Instructions to follow >> Line by line, transcribe the data below exactly and pass over the images.

Available data >>
○ ○ ○ ○ ○

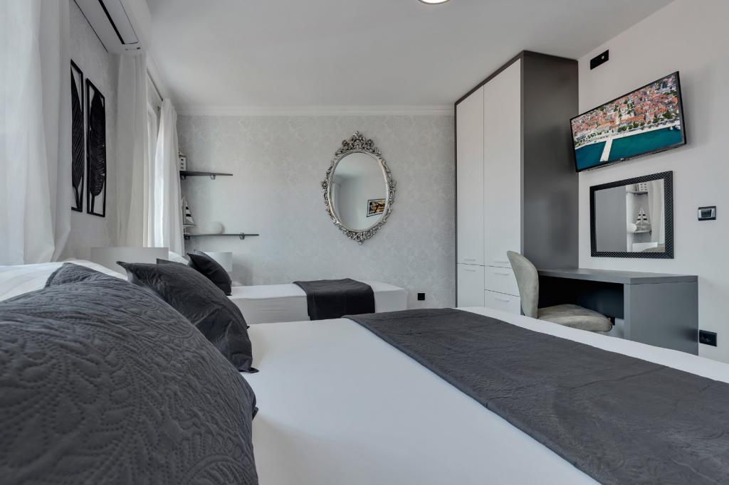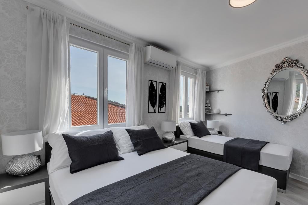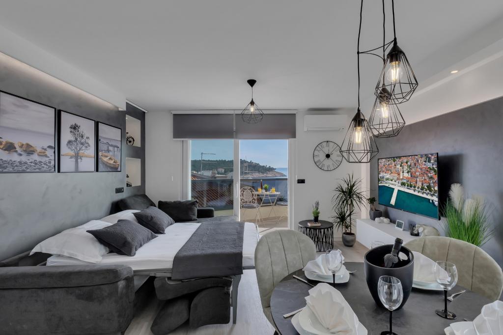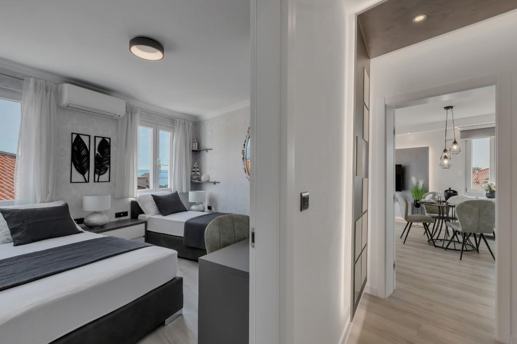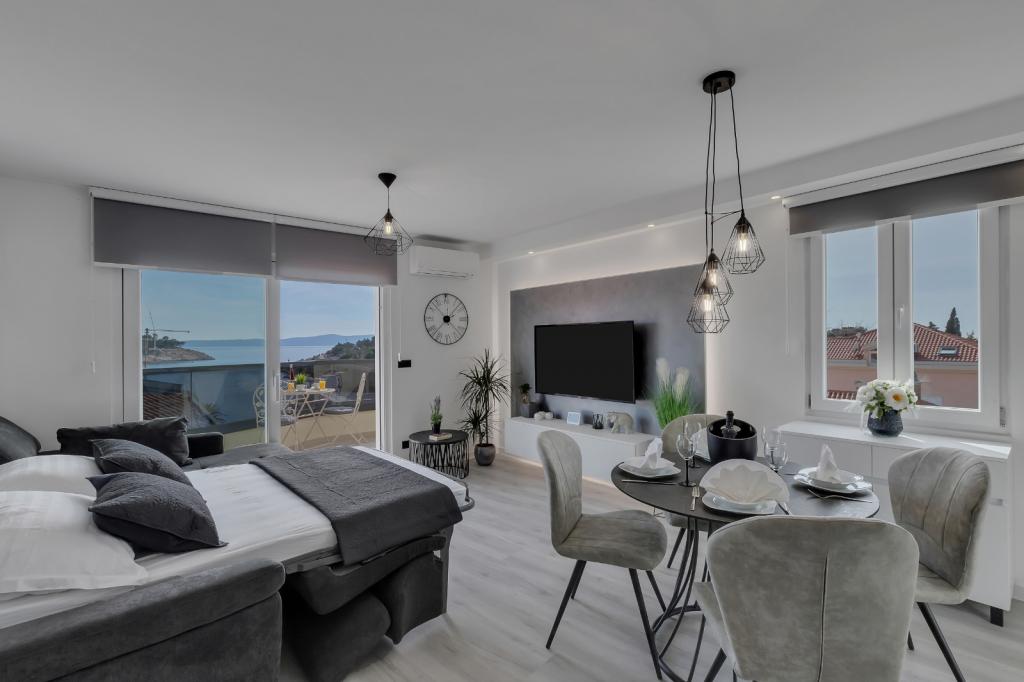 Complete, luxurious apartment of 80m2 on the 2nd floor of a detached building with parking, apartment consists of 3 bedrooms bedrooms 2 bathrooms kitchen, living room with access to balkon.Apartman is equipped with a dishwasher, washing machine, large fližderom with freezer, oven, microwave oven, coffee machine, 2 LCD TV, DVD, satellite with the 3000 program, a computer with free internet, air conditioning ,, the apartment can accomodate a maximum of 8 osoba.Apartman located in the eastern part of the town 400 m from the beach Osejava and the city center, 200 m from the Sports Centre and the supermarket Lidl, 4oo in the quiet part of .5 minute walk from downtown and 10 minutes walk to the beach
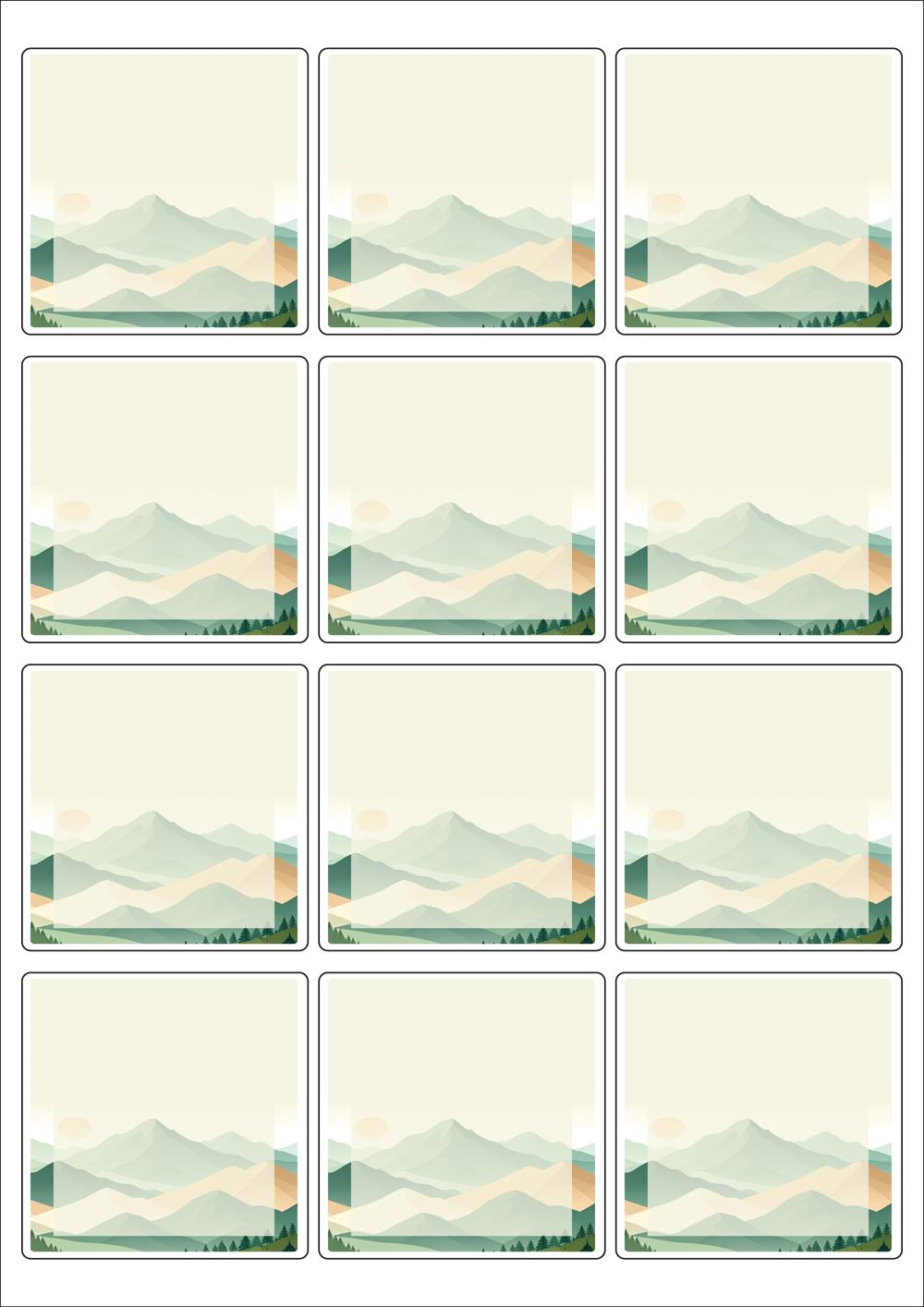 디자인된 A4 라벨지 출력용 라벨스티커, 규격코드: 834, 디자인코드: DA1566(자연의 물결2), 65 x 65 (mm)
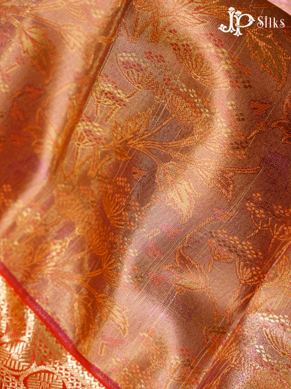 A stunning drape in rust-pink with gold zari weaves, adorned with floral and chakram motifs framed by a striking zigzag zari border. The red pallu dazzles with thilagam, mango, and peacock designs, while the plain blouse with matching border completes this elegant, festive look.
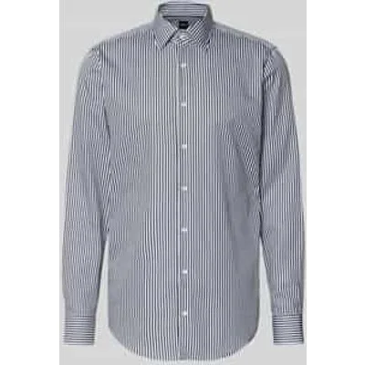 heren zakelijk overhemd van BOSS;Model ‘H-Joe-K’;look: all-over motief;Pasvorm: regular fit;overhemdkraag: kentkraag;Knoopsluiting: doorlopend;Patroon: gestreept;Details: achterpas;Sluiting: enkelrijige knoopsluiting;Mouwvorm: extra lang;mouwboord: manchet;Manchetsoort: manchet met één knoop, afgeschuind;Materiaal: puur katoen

○ ○ ○ ○ ○

Task answer >>
 Complete, luxurious apartment of 80m2 on the 2nd floor of a detached building with parking, apartment consists of 3 bedrooms bedrooms 2 bathrooms kitchen, living room with access to balkon.Apartman is equipped with a dishwasher, washing machine, large fližderom with freezer, oven, microwave oven, coffee machine, 2 LCD TV, DVD, satellite with the 3000 program, a computer with free internet, air conditioning ,, the apartment can accomodate a maximum of 8 osoba.Apartman located in the eastern part of the town 400 m from the beach Osejava and the city center, 200 m from the Sports Centre and the supermarket Lidl, 4oo in the quiet part of .5 minute walk from downtown and 10 minutes walk to the beach
 디자인된 A4 라벨지 출력용 라벨스티커, 규격코드: 834, 디자인코드: DA1566(자연의 물결2), 65 x 65 (mm)
 A stunning drape in rust-pink with gold zari weaves, adorned with floral and chakram motifs framed by a striking zigzag zari border. The red pallu dazzles with thilagam, mango, and peacock designs, while the plain blouse with matching border completes this elegant, festive look.
 heren zakelijk overhemd van BOSS;Model ‘H-Joe-K’;look: all-over motief;Pasvorm: regular fit;overhemdkraag: kentkraag;Knoopsluiting: doorlopend;Patroon: gestreept;Details: achterpas;Sluiting: enkelrijige knoopsluiting;Mouwvorm: extra lang;mouwboord: manchet;Manchetsoort: manchet met één knoop, afgeschuind;Materiaal: puur katoen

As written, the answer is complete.